巨大生物なので、高城への密着中に時折、遠くから低いうめき声のような音が聞こえてくる。<街>の“呼吸”の仕方やビルが生えてくる様子などは、VFXを駆使しているので妙にリアルだ。また、「擬態住民」とはコミュニケーションを取ることができず、まるでゾンビのよう。こうした要素が常に映し出されるため、とても不気味な気持ちで番組を見続けることになる。

こうしていると次第に恐怖感が募り、「実は自分が今いるこの街も、巨大な生き物なのでは…」と余計な想像をして、また恐怖が増していく。深夜にホラー感が強い番組と思われるかもしれないが、そこはご安心を。

「街に飲まれる」対策用のアイテムや、架空の映像や密着中に表示される「映像協力:都市型生物保護機構」「※特別な許可を得て立ち入り・撮影しています。」といったドキュメンタリー番組ならではのテロップ、高城に対して<街>が仕掛ける「地味な嫌がらせ」など、不気味な雰囲気にマッチした絶妙な小ネタが随所に配置されており、恐怖感を中和させる役割を果たしている。

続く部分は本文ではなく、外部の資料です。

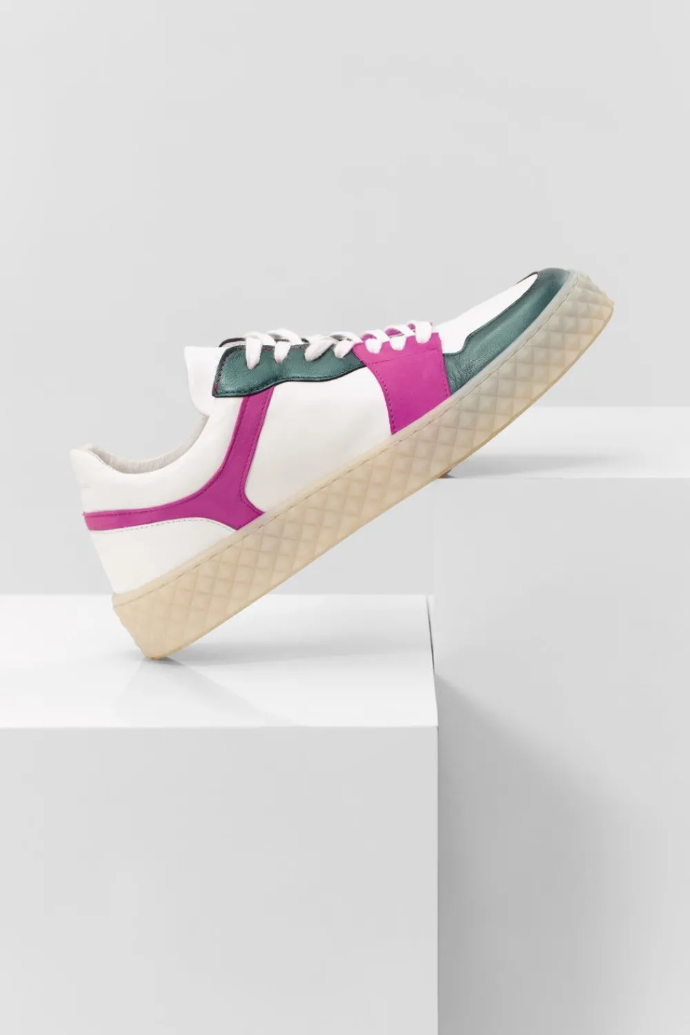 Pourquoi On Craque Pour Les Sneakers O.Limbo ? D’Abord Pour Leur Ligne Minimaliste, Pile Dans L’Air Du Temps. Ensuite, Pour Leurs Couleurs, Associant Le Blanc, Le Vert Et Le Violine, À La Perfection. Enfin, Pour Leurs Matières De Qualité Et Leurs Finitions, Comme Les Semelles Facettées.

よくよく考えると、高城が真面目に密着取材のインタビューに答え、何かを発見するたびに写真に記録する違法駐車の監視員のような姿も、だんだんシュールに思えてツボに入ってきた。

これはあくまで「ドラマ」なので、<街>の生態を紹介するだけではなく、ストーリーが展開される。取材が進む中、クルーたちは意図せずして、<街>が読み取った高城のある記憶と想いに触れ、淡々と仕事をしていたはずの彼に変化が現れるのだ。それまでの場面に、ヒントが隠されているのか――考察欲が出てくるタイミングで、次週の第2話に続く。

  • (C)フジテレビ

■“フェイク”番組豊作の中、より現実と錯覚

年末年始は、例年テレビ各局で様々な特番が放送されるが、2022~23年は“フェイク”な番組が豊作だった。超売れっ子の麒麟・川島明に密着したドキュメンタリーと言いながら、すべての顔をディープフェイクにして他人が演じた『カワシマの穴』(日本テレビ)、視聴者の保有するビデオテープを募集したという体で架空の番組『坂谷一郎のミッドナイトパラダイス』を流した『テレビ放送開始69年 このテープもってないですか?』(BSテレ東)、30分間ポリスから逃げきれたら100万円という架空の“逃走中”的番組がトラブルに見舞われる『ここにタイトルを入力』(フジテレビ)、知られざる芸能人の“夜の顔”に迫るというフェイクドキュメンタリー『夜の顔』(同)といった具合だ。

上記はいずれもバラエティがベースだが、『City Lives』はフィクションであるドラマからのアプローチであるにもかかわらず、本格的なVFX技術によって緊迫感が生まれ、より現実と錯覚するような気分になってくるのが面白い。

原作・脚本・監督を務める針谷大吾氏と小林洋介氏は、動画コンテスト「BOVA」協賛企業賞、「SSFF & ASIA 2021」スマートフォン映画作品部門優秀賞、「文化庁メディア芸術祭 」エンターテインメント部門新人賞を獲得するなどの実績を持つコンビ。これらの受賞作品『スカイツリーの惑星』『Viewers:1』でもVFX技術は折り紙付きなので、リアルなフェイク映像で不思議な世界にぜひ没入してほしい。